Have you considered the form in which you are holding your assets and investments?
The differential between the income and capital gains tax rates is now 32 percent. In addition, following the Budget on 23 March 2011, Entrepreneurs' Relief has been doubled so that, for those who qualify, from 6 April 2011 the first £10 million of capital gains will now be taxed at 10 percent. Both of these measures mean capital returns have a significant tax advantage over income returns.
Certain investment structures will be at an advantage where returns are taxable at the capital gains tax rate rather than as income. Strategies which allow income to accumulate in tax efficient ways may also be of interest. Whilst assets values are still relatively low, changing investment structures could be explored, so than any future returns deliver your longer term objectives.

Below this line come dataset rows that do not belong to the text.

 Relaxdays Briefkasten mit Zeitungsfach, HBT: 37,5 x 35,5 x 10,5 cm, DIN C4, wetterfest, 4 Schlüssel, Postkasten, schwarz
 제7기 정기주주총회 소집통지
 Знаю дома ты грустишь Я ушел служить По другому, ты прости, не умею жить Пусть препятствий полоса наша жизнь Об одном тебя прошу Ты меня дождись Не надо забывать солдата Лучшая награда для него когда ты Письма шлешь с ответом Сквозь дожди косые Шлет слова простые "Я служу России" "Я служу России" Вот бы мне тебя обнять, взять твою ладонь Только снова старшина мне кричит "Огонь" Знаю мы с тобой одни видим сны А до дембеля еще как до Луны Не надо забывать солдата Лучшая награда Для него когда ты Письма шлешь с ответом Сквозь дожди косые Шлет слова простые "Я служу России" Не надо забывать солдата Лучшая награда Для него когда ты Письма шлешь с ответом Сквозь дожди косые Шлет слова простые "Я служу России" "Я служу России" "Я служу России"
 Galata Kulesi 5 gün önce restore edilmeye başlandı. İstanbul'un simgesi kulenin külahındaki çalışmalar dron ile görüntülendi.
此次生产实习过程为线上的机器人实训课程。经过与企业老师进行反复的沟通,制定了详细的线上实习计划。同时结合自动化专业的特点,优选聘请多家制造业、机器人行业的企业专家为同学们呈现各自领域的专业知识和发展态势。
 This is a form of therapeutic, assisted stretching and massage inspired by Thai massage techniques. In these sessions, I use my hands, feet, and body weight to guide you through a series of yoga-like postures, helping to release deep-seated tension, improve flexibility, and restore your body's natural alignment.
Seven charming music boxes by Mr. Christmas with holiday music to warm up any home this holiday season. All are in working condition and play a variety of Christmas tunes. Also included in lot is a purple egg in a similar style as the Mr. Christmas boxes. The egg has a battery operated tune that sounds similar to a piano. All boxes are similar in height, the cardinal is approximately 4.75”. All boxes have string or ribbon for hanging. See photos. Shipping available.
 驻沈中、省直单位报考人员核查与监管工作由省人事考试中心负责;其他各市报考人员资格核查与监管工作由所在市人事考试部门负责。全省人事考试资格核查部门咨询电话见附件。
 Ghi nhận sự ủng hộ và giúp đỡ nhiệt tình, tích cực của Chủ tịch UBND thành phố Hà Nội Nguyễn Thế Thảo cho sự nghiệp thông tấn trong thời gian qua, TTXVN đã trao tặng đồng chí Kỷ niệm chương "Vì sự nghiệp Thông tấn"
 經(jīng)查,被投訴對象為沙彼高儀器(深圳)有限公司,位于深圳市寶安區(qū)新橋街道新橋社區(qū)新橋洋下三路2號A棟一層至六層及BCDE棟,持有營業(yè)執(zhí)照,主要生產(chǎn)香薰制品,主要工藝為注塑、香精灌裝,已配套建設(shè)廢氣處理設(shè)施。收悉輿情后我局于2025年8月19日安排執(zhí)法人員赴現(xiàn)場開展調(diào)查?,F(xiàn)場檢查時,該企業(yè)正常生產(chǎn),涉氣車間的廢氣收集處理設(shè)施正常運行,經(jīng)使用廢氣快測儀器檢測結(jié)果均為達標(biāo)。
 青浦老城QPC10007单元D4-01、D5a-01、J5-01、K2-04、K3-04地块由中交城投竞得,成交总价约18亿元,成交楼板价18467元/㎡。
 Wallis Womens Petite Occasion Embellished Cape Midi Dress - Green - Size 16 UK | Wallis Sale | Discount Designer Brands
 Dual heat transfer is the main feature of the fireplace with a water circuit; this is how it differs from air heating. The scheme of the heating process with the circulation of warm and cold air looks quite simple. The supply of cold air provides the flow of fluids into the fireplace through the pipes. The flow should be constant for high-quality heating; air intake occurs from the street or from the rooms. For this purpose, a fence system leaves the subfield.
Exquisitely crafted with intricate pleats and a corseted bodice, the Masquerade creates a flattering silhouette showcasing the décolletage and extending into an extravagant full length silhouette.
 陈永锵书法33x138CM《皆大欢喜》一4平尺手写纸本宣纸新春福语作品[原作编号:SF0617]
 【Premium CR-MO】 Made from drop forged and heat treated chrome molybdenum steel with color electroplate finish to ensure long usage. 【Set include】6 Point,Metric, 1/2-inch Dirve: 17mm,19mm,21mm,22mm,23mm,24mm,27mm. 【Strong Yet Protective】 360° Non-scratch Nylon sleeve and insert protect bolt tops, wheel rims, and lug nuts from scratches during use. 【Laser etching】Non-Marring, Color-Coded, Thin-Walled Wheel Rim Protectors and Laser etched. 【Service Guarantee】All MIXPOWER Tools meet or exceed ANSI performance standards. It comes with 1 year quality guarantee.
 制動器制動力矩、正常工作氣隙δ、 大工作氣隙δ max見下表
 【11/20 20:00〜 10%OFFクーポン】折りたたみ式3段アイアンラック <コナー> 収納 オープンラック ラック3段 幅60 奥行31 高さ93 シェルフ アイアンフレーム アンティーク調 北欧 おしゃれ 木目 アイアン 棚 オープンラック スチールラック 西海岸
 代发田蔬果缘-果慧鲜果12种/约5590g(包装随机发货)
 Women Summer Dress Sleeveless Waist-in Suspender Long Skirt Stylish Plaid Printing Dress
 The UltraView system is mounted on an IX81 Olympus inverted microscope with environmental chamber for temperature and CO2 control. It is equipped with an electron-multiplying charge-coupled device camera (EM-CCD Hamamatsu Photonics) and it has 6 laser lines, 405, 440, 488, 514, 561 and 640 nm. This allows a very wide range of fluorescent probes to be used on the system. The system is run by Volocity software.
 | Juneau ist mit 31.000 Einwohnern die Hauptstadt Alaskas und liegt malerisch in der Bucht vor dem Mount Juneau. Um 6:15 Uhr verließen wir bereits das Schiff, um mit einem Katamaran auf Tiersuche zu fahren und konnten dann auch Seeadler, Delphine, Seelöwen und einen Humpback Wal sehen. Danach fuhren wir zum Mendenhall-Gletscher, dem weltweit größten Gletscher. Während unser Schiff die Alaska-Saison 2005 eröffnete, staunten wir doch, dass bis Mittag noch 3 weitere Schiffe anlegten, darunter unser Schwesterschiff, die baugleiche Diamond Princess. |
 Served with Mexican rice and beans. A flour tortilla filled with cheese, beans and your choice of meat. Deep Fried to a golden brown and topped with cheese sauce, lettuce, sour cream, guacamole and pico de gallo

Investment structures can take many different forms. You may want to consider:
- holding investments in a 'wrapper' rather than holding direct investment in individual assets;
- vehicles for trading, property holding or wider investment activities combined with tax efficient extraction techniques;
- how investments are held across the family as this can affect the tax rate applied to returns.
There is considerable uncertainty over how long the rate of capital gains tax will remain at 18 percent. The key question is whether the capital gains tax rate change has merely been postponed. It is possible that tax rates might change in the future and therefore careful consideration should be given to all the issues before making any irreversible alterations to your investment structures.
If an individual is moving abroad or is likely to be working outside the UK for a period of time it is important to address the tax implications of temporary or longer term emigration.